Однако время от времени происходит "переворот", когда не только периферийные течения, но и ядро конкретной идеологии оказывается под угрозой "поглощения" со стороны другой системы ценностей. Тогда происходит не просто модернизация, а коренная ломка политической платформы партии. Модернизация политики лейбористов и консерваторов после 1945 г. во многом определялась тем, что они включили в свою "периферию" ряд течений "нового либерализма", а в политике либеральных демократов в 1990-е годы появились нововведения в результате периферийного восприятия ряда лейбористских подходов. В случае с тэтчеризмом речь идёт о "перевороте", когда была предпринята отчасти удавшаяся попытка вытеснить из сердцевины консервативной идеологии системообразующие принципы и заменить их неолиберальными.
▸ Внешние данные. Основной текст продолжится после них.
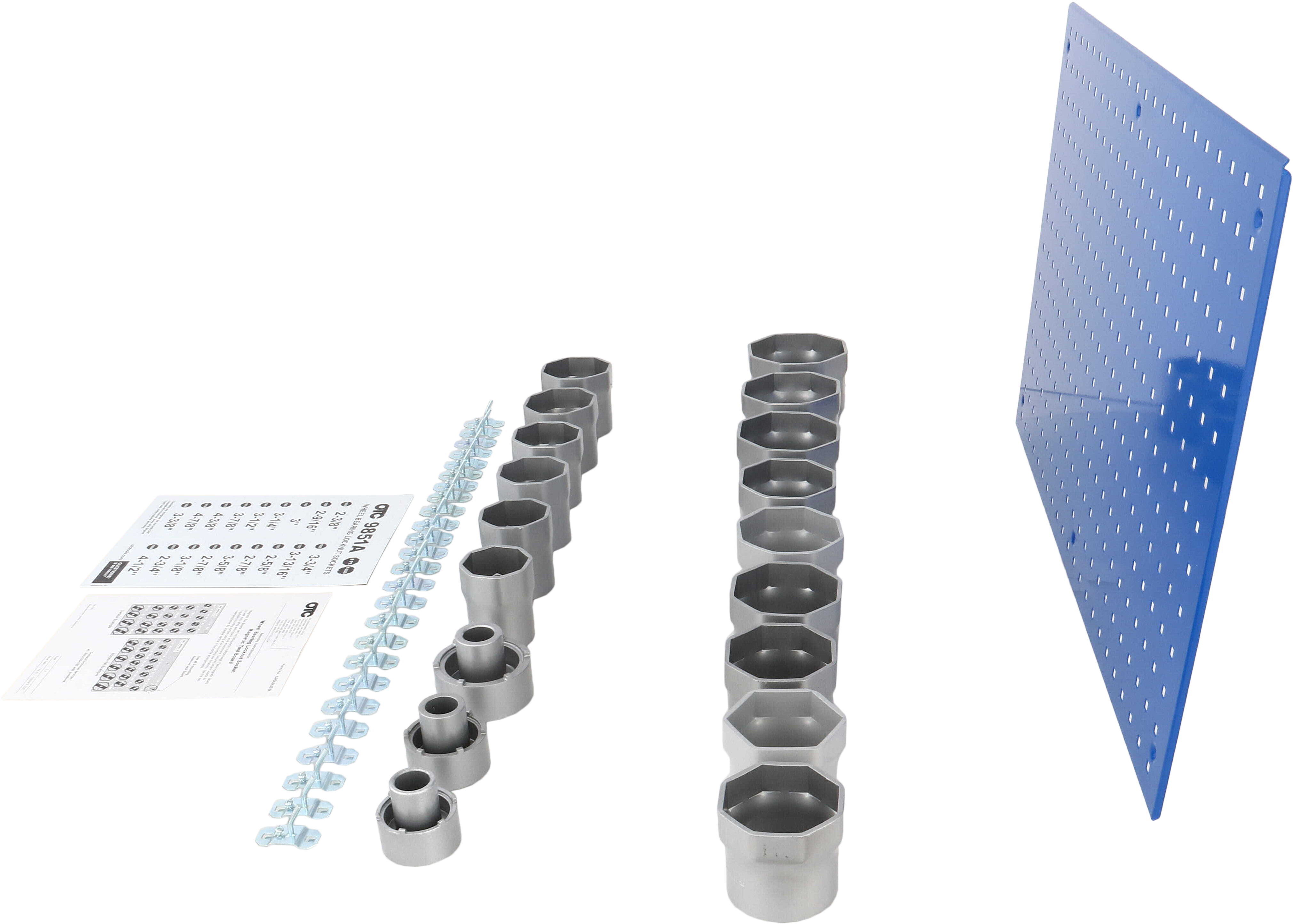 18 wheel bearing locknut sockets (8 pt.) with tool board.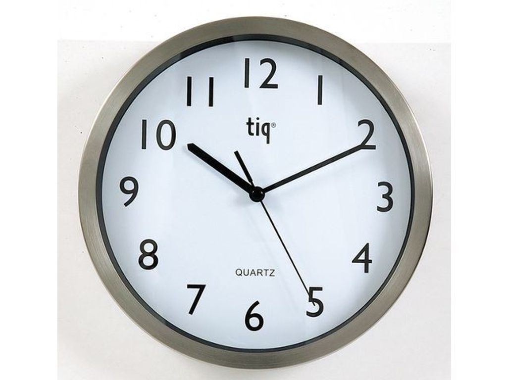Beskrivning av Väggur TIQ Ø25cm aluminium Praktisk klocka med snygg och stilren design! Med ram i matt silverfärg, vit urtavla och glaslins. Diameter 25 cm. Drivs med ett AA-batteri (medföljer ej). Garanti: 1 år.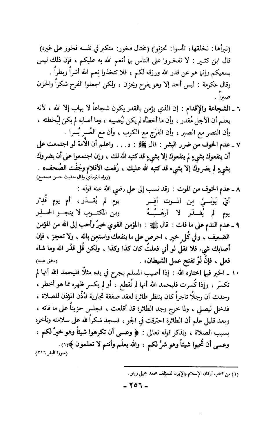 وقال - صلى الله عليه وسلم -: "احرص على ما ينفعك، واستعن بالله، ولا تعجز، فإن أصابك شيء فلا تقل لو أني فعلتُ كان كذا وكذا، ولكن قُل قدَّر الله وما شاء فعل، فإن لَوْ تفتح عمل الشيطان". (رواه مسلم)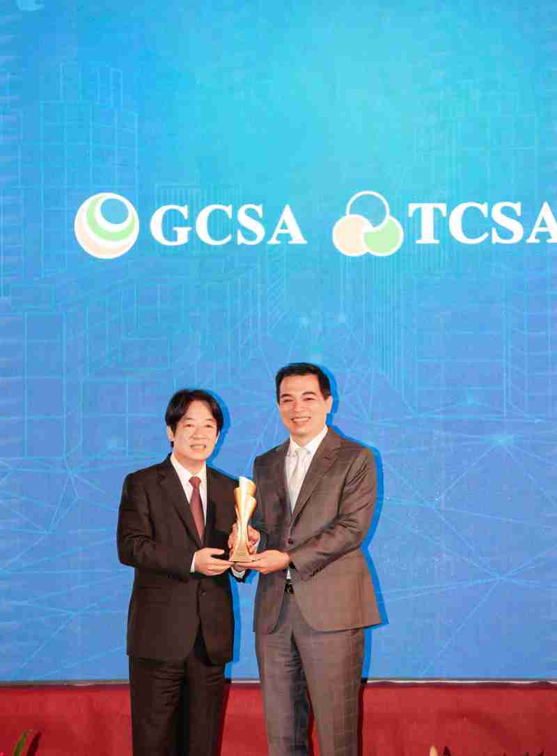 达全方位永续表现获全球永续奖及台湾永续奖肯定,,,,由副总统赖清德颁奖 (左),,OBPay总经理柯富仁 (右) 代表领奖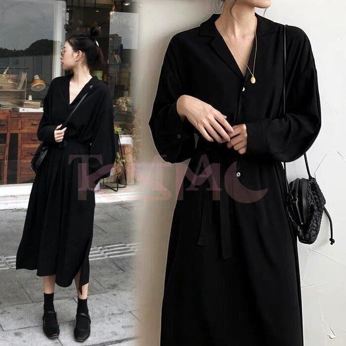 ワンピース シャツワンピース レディース 黒 Vネック 長袖 韓国風 韓国 ファッション コーデ おすすめ カジュアル きれいめ 大きいサイズ 人気 ゆったり 20代 30代 40代 50代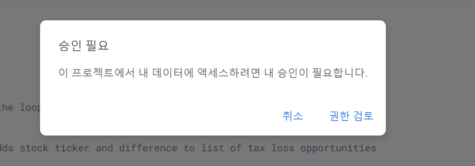 이번에는 스크립트를 테스트 해봅니다. 저장 버튼 우측에 실행 버튼을 누릅니다. 첫번째 실행이기 때문에 권한 요청 승인 화면이 나타납니다. 권한 검토를 선택합니다.
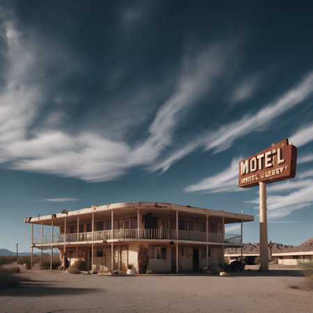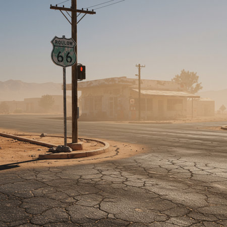 Vintage gas station sign with Gasoline 247 in faded red letters rustic pumps and open desert highway
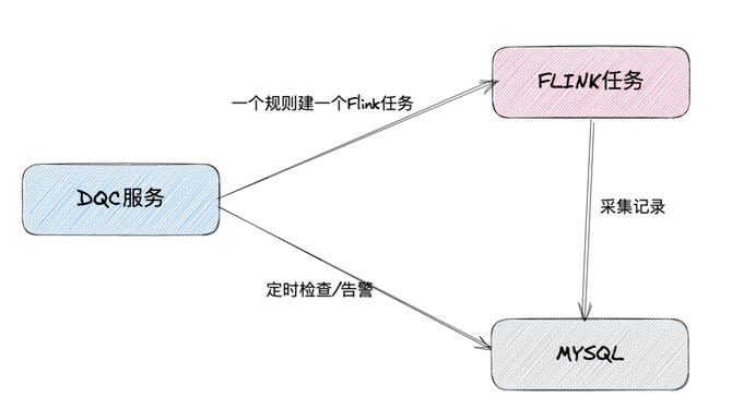 因此在第一版方案中,用户每新增一个采集对象或一个规则,DQC服务会为用户重新生成一个新的Flink任务来完成采集,并将采集结果写入到MySQL中。同时定时触发质量规则检查,将检查结果写入到MySQL中,并根据检查结果判断是否做告警通知。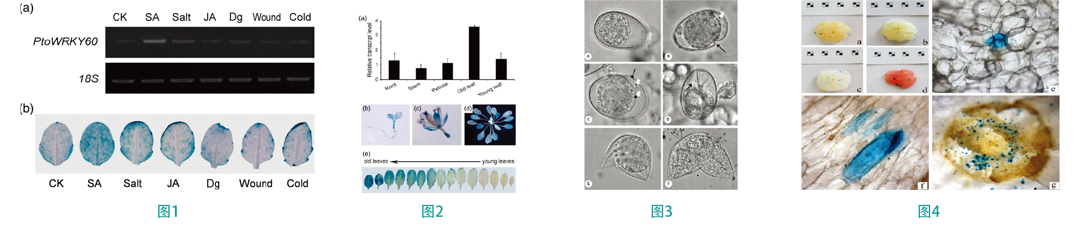 1、YE S, JIANG Y等人利用基因槍系統(tǒng)通過提高楊樹轉(zhuǎn)錄因子PtoWRKY60組成型表達提高楊樹對潰瘍病菌SACC的抗性研究結(jié)果。 【圖1、2】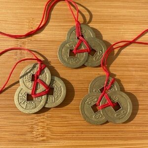 Three coins are strung together on a red string is a symbolism of a magnet for wealth as they represent the trinity of luck heaven earth and Man Kind The coins are strong with a red ribbon to empower the energy.
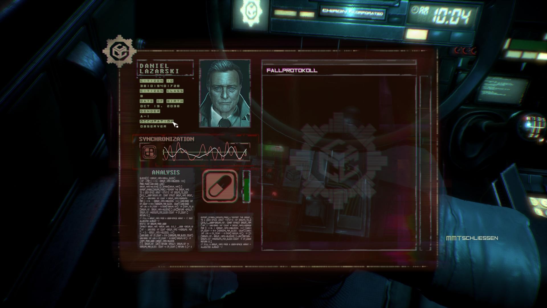 2084 ist die Technik weit fortgeschritten. Gleichzeitig liegt die Menschheit am Boden. Eine digitale Seuche und ein großer Krieg haben unzählige Opfer gefordert. Wer überlebt hat und nicht zu einer privilegierten Klasse gehört, lebt in einer trostlosen, fast vollständig digitalen Welt, die gnadenlos durch ein übermächtiges Unternehmen beherrscht wird. Die Wenigsten kommen ohne digitale und mechanische Ersatzteile für ihren Körper und Geist aus. Das macht sie leicht angreifbar: Wer ein Hirnimplantat besitzt, kann manipuliert und vor allem ausgelesen werden. Dafür sind die >observer_ zuständig. Bei Kriminalermittlungen verbinden sie sich mit Opfern und Tätern, um in deren Bewusstsein nach Antworten zu suchen. Einer von ihnen ist Daniel Lazarski. Nach einem Anruf seines verloren geglaubten Sohnes verirrt er sich in den unzähligen Gängen und Zimmern eines Wohnblocks, während er einen brutalen Killer jagt.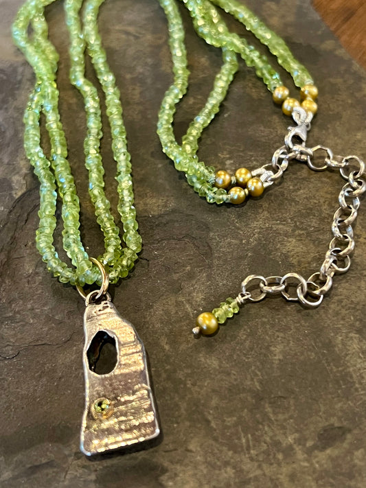 Gulf Relic Sterling Shell Fragment Talisman with Peridot Necklace- Salt Series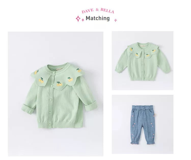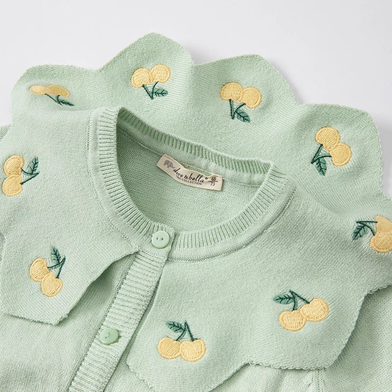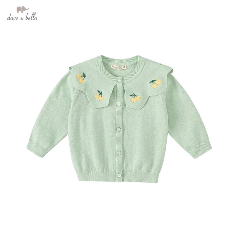 dave&bella デイブベラ チェリー刺繍ビッグカラーライトグリーンカーディガン DB1220488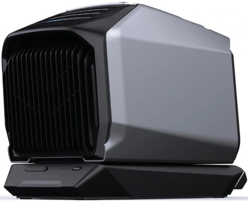 Wave 2 имеет черно-серую отделку и спортивные стильные края, которые придают ему угловатый вид. Воздухозаборник находится за черной решеткой на передней панели устройства ближе книзу, а перегородка наверху подает холодный воздух. Диск управления находится справа от перегородки, а четыре дополнительные кнопки украшают верхний край портативного кондиционера EcoFlow Wave 2. На левой стороне корпуса портативного кондиционера EcoFlow Wave 2 находится порт питания переменного тока, порт для солнечной/автомобильной зарядки и порт для подключения дополнительного аккумуляторного блока.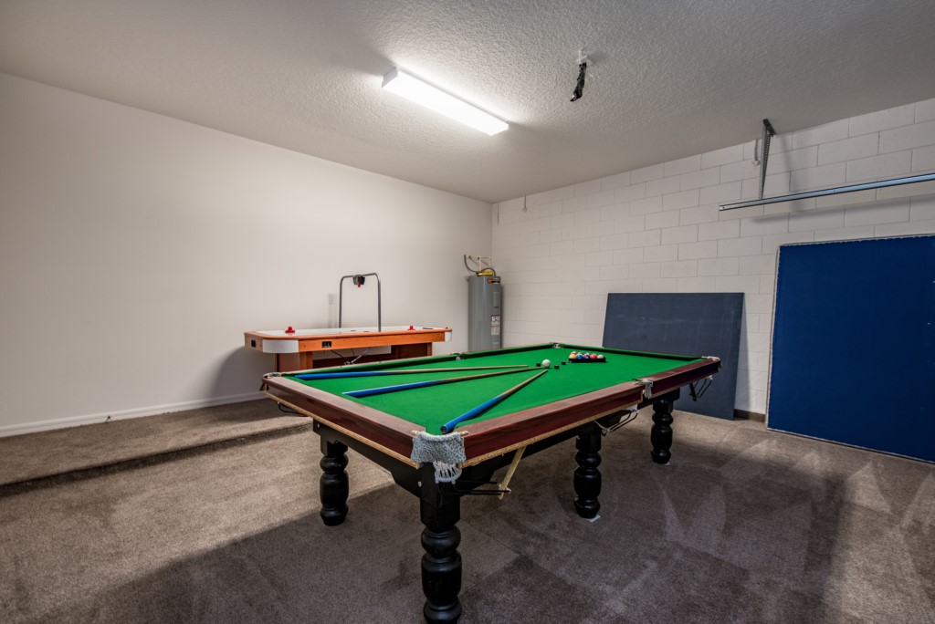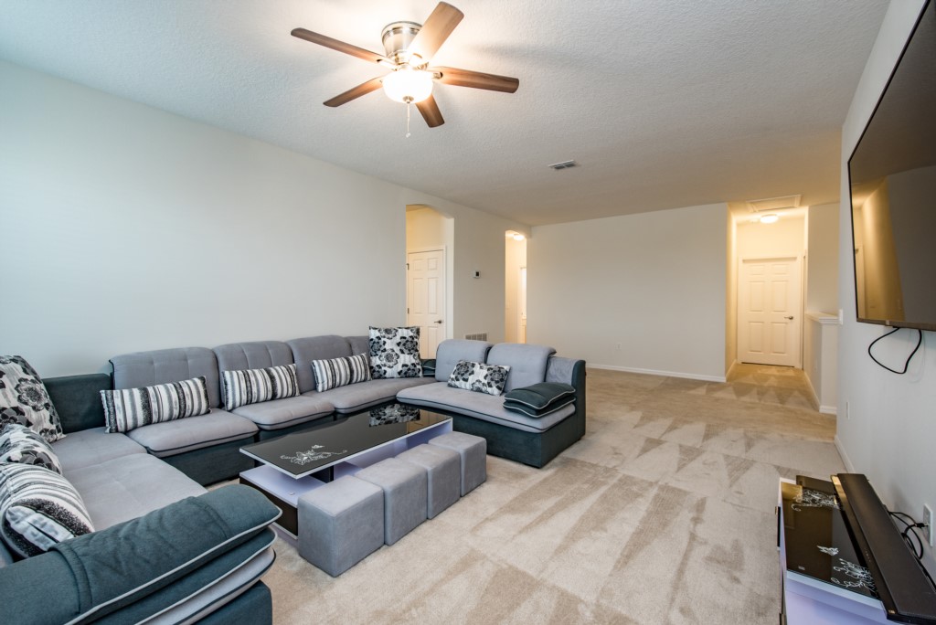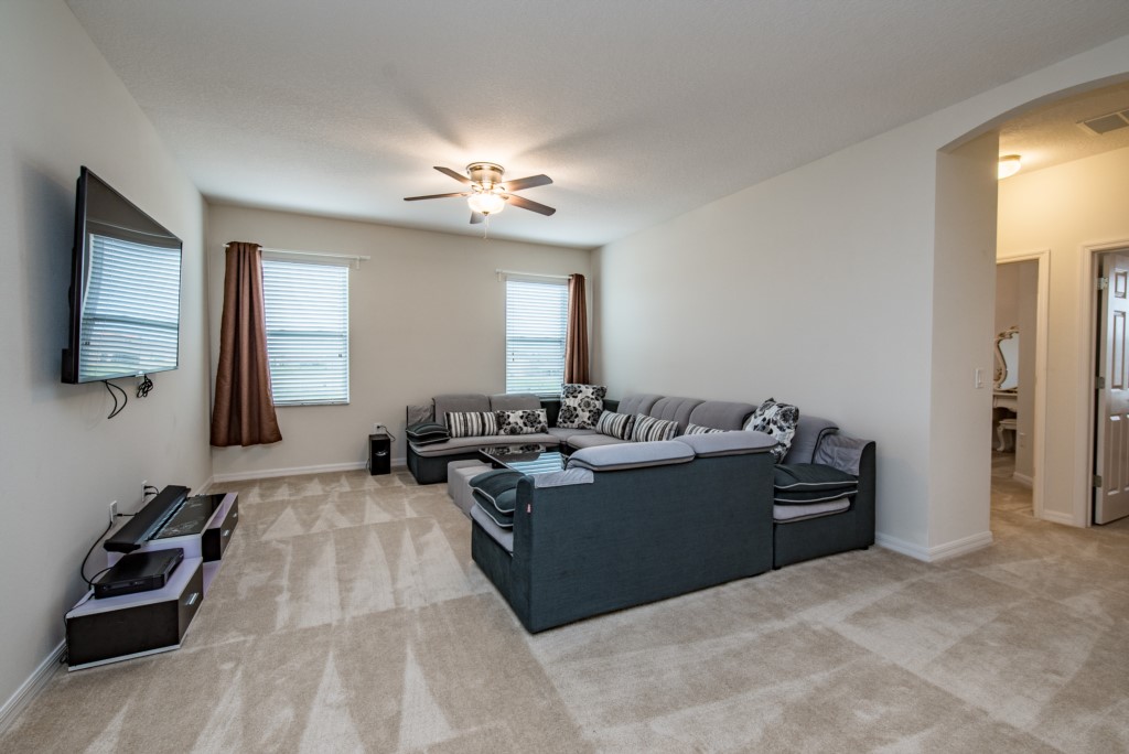 Upstairs, the loft area provides a second social gathering area, with comfortable seating, games area and flat screen TV.

В случае "третьего пути" речь идёт о том, что тенденция по изъятию социалистической этики из нормативного ядра критики капитализма берёт верх над декларированной "новыми лейбористами" приверженности этическому социализму.

Ещё рано судить о том, является ли "третий путь" модернизацией идеологии лейборизма за счёт периферийных либеральных и консервативных течений или попыткой "переворота" на базе исходной версии "нового либерализма", для этого требуется определённая историческая перспектива. Возможно, что "третий путь" окажется ни тем и не другим, а базой для очередного межпартийного консенсуса, преодолевающего на время традиционное деление идеологического пространства, идеологической амальгамой, включающей либеральные, консервативные и социалистические компоненты. Явление подобного рода в новейшей политической истории Великобритании уже имело место.

С точки зрения длинных исторических рядов страна пережила в XX веке два больших политических цикла. Первый, идеологической составляющей которого был "новый либерализм", а затем и этатистская социал-демократия, отражал рост коллективистских настроений в первой половине столетия. Эта тенденция объяснялась социальной реструктуризацией, произошедшей в результате складывания зрелых институтов индустриального общества. Данные процессы привели к модернизации партийно-политической системы, сопровождавшейся обострением партийной борьбы в межвоенный период, когда происходила переналадка экономического механизма, а затем установлением в середине столетия межпартийного консенсуса с участием, следуя терминологии "третьего пути", "старых левых" и "старых правых" и утверждения новой модели перераспределения.

Такая последовательность событий повторилась в последней трети XX века, только на этот раз новый политический цикл, идейной составляющей которого стала концепция "свободной рыночной экономики", а затем "третий путь", развивался на базе роста индивидуалистических настроений в условиях перехода британского общества к постиндустриальному типу развития. На первый план выдвинулись вопросы воспроизводства, экономических реформ. Реструктуризация социума привела к модернизации партийно-политической системы, начавшейся с обострения партийной борьбы в 1980-е годы в условиях перестройки экономического механизма. Однако к концу 1990-х годов основным приоритетом вновь стала проблема перераспределения. Появились очертания нового межпартийного консенсуса, доминирующее положение в котором заняли "новые лейбористы". На следующем витке экономических и социальных трансформаций логика политических циклов, наверняка, вновь приведёт к необходимости новой партийно-политической модернизации.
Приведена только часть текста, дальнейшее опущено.